Mind Over Matter — Benefits of Mindfulness and Active Breathing

Bowhead Health
5 min readSep 26, 2018


When you think of mindfulness, perhaps warm spring air, a babbling brook, or a Tibetan monk lowing a monotone “hum” comes to thought. But mindfulness is simply the act of becoming more self-aware — aware of where you are and what you are doing, while simultaneously allowing yourself to not be overwhelmed by what is going on around and within you.

What we think, regardless of whether we state it out loud, can have an impact on our actions. Learning to rewire our thoughts can have powerful benefits in improving our mental and physical wellbeing. Below we will explore ways to combat stress and retrain our brain for better thinking.

Active Breathing (Deep Breathing)

Focusing on your breathing is at the core of successful mindfulness practice as you focus your attention on the present, rather than on your future worries. “Breathe in through your nose, and out through your mouth.” You may have done this countless times at your doctor’s office, while a cold stethoscope is pressed against your back. Without knowing it, you were actively breathing.

Active breathing is the voluntary control of the inhalation and exhalation of your breathing rhythm5 and research is revealing how breathing slow and steady can reduce your heart rate and activate the parasympathetic nervous system, which promotes “rest and digest” functions of the body, to calm you down.

Benefits of Mindfulness

Studies are indicating how improving your breathing practices can benefit aspects of both your physical and mental health.

Physical Health

Cortisol and Stress Reduction

Cortisol, a hormone produced by your body, acts as an indicator of stress. When you undergo a stressful event, such as cramming for an upcoming project deadline, the concentration of cortisol rises in the body to help you cope. However, cortisol release has been associated with contributing to depression, anxiety and experiences of negative emotions. Breathing interventions reduce stress by lowering cortisol levels. Cortisol concentration was observed to decrease significantly following 20 diaphragmatic breathing intervention sessions. Similarly, parents who have children or adolescents with type 1 diabetes, often deal with high stress to ensure the ongoing health of their child. These parents showed similar results with a drop in cortisol following a stress-management program using diaphragmatic breathing.

Cardiovascular Protection

According to the Heart and Stroke Foundation, high blood pressure is the number one risk factor for stroke and can put you at major risk for heart disease. Following 10 sessions of slow abdominal breathing, women with borderline high blood pressure experienced a significant drop in both systolic and diastolic blood pressures.

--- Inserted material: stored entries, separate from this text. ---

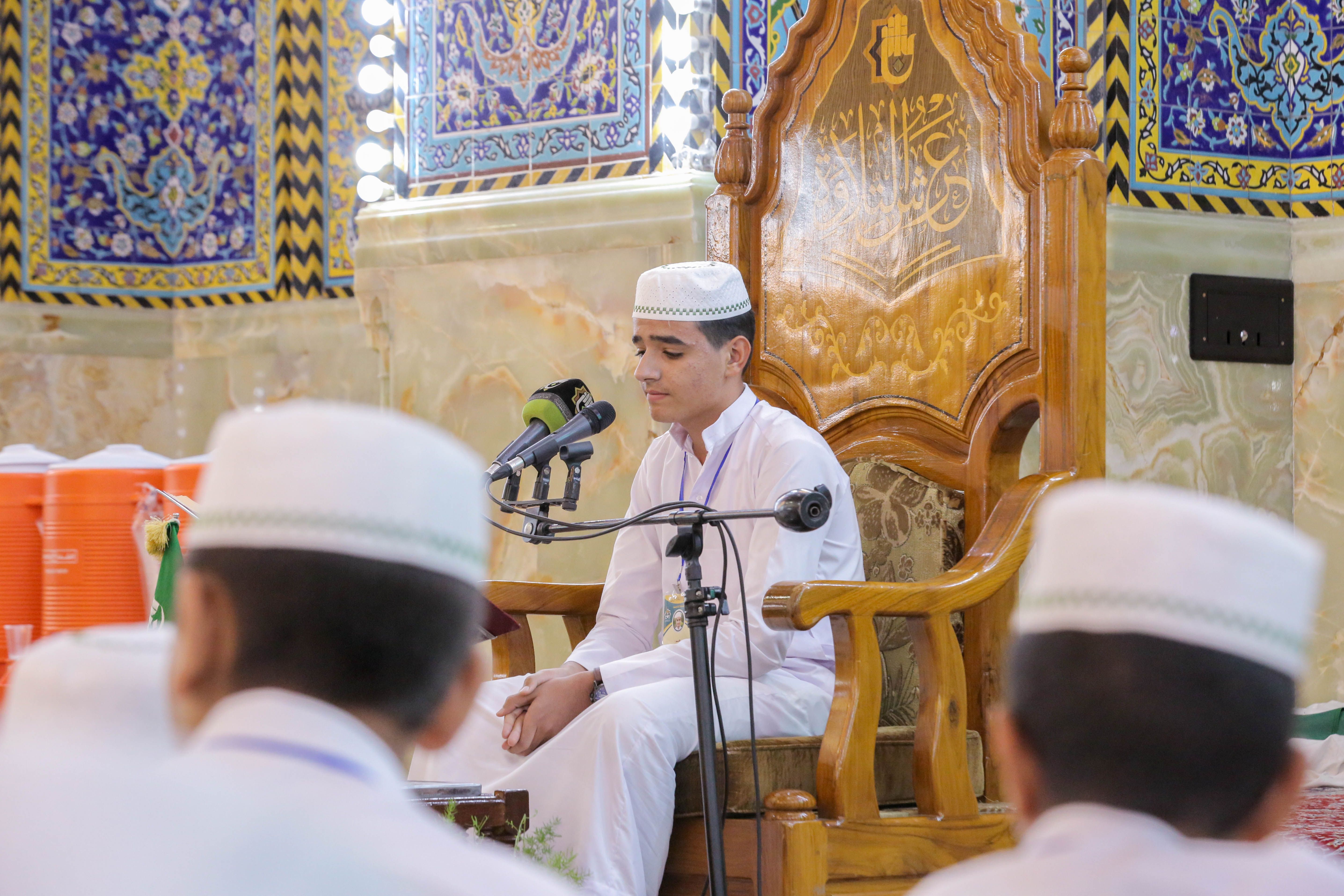 أحتشد زوار مرقد أبي الفضل العباس (عليه السلام) حول عرش التلاوة الذي شهد مشاركة مميزة لطلبة مشروع أمير القراء الوطني بنسخته الخامسة، فقد صدحت حناجر فتية المشروع بتلاوات مجودة تحاكي كبار القراء وابدعوا بتلاوات فردية وجماعية انفرد طلبة المشروع بتقديمها للمرة الأولى. المحفل أفتتح بتلاوة مباركة في الطريقة العراقية تلاها البرعم سيف همام أحد موهبي مدرسة الحافظ خليل إسماعيل، أعقبها تلاوة في الطريقة المصرية تلاها أحد طلبة مدرسة الشيخ عبد الفتاح الشعشاعي الطالب ميثم أيوب، تلتها تلاوة جماعية قدمها مجموعة من طلبة مدرسة الشيخ محمد صديق المنشاوي، جاء بعدها تلاوة جماعية لمدرسة الشيخ الشحات محمد أنور، وكان ختامها مسك مع تلاوة جماعية لأول مرة في العالم الإسلامي تحاكي مدرسة الشيخ أبو العينين شعيشع.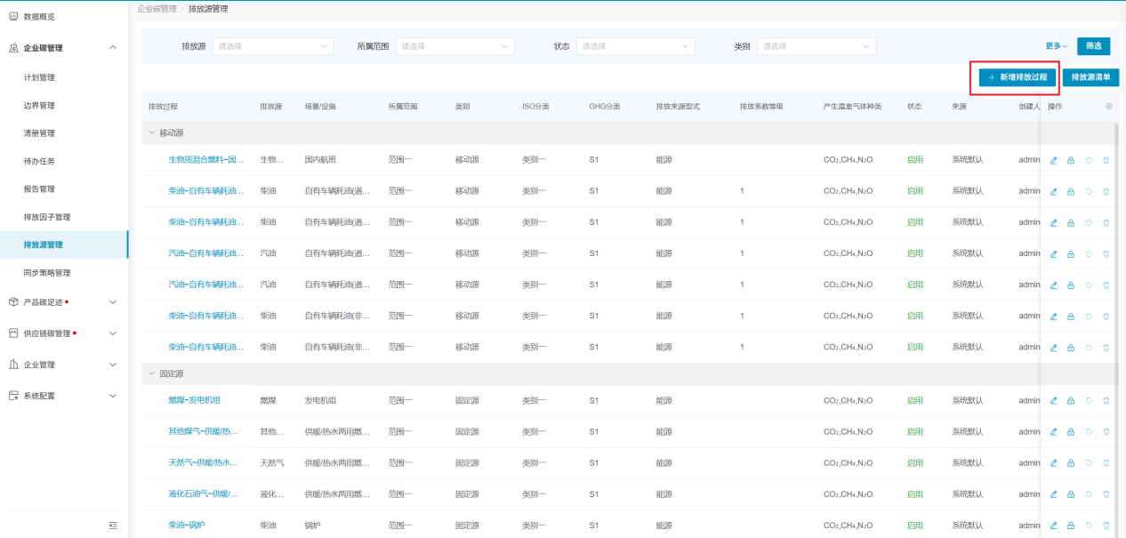 系统已提前将所有排放源设置好并提供给企业使用,并支持企业新增排放源、更改排放因子数值、保存排放因子版本等操作。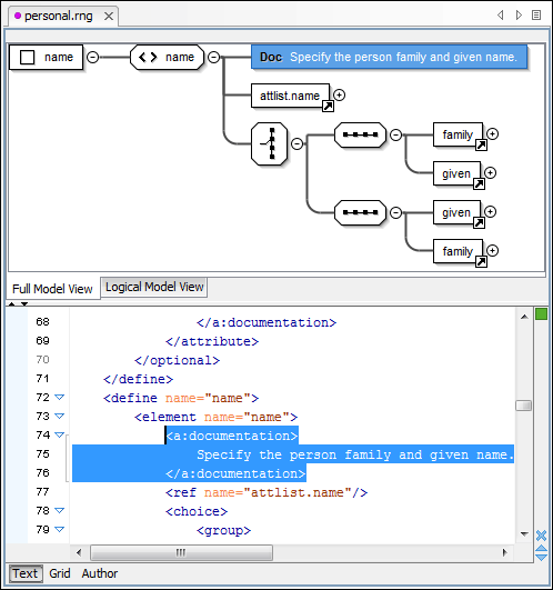 When you create a new schema document or open an existing one, the editor panel is divided in two sections: one containing the schema diagram and the second the source code. The schema diagram editor has two tabs that offer a Full Model View and Logical Model View.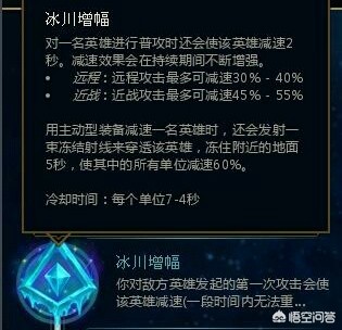 冰川增幅:对敌方英雄发起的攻击会使该英雄减速(45%—55%)减速效果会装持续期间不断增强。

Additionally, their systolic blood pressure remained below their starting baseline, at the one and three-month check-ups after the experiment was completed. Active breathing can also enhance cardiovascular function by improving oxygenation, lung functioning and a person’s general cardiorespiratory fitness.

Mental Health

Anxiety and Depression

Breathing exercises are being used to bring relief to those suffering from anxiety and depression. Pregnant women experiencing pre-term labour experienced reduced anxiety following 5-minute abdominal breathing interventions over a 30-session period. Similarly, patients with chronic low back pain had reduced anxiety and depression following a 7-day yoga program that incorporated breathing exercises.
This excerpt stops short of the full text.